In termini pratici in nel monitoraggio di pazienti con osteoporosi postmenopausale o senile, non secondaria, un tempo di 24 mesi appare quello minimo per poter osservare, nella maggior parte dei casi, variazioni superiori al margine di errore insito nella ripetizione della misura.
Infine rimane da dirimere l'aspetto piu' importante ossia se e quando la ripetizione sia clinicamente utile e non solo quando abbia senso effettuarla da un punto di vista del puro rilevamento del dato biologico.

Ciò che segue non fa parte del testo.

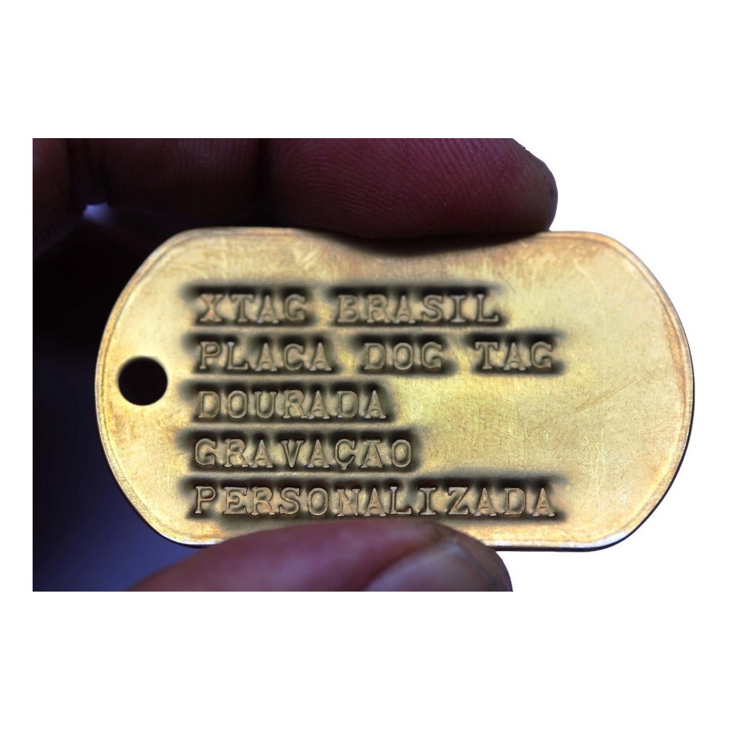 Placa Dog Tag Dourado Latão Gravação Baixo Relevo Estilo Vintage Segunda Guerra Mundial USBRASS BR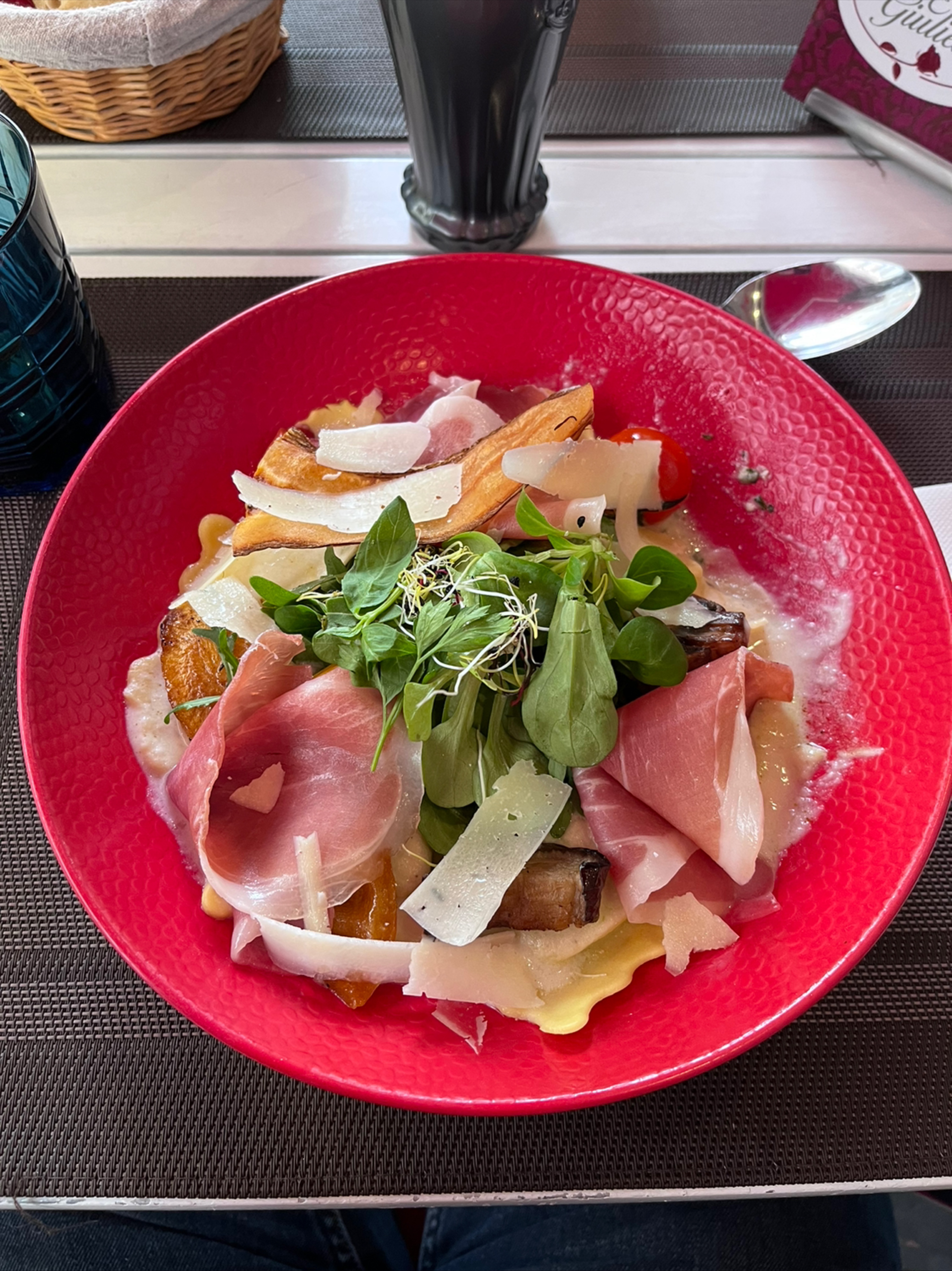 De passage à Verdun pour le travail, un accueil chaleureux, une belle salle, des olives pour me faire patienter avant de commander. J’ai pris des grantortelli ricotta et épinards, velouté pois chiche et huile de sésame, légumes grillés et jambon San Daniela. Le tout agrémenté d’un verre de blanc. Je vous recommande ce restaurant !

Su questo punto occorre ricordare che la maggior parte delle terapie per l'osteporosi sono assunte solo per poco tempo nella maggior parte dei soggetti cui sono prescritte, che le opzioni terapeutiche alternative ad eventauli trattamenti inefficaci sono praticamente assai limitate, da evidenti motivazioni di rapporto costo/beneficio e da effetti collaterali ed che il ruolo di rinforzo positivo del monitoraggio della BMD sulla compliance terapeutica e' negato da molti autori (Osteoporos Int 2007;18:711-9.)
Dalle considerazioni sovraesposte appare evidente che la ripetzione della misura della massa ossea e' poco utile nella maggior parte dei casi e che, quando e' potenzialmente utile, deve essere ripetuta tenendo presenti le limitazioni insite nella misura in rapporto all'andamentro atteso della massa ossea e valutando la sussistenza di concrete alternative terapeutiche praticabili.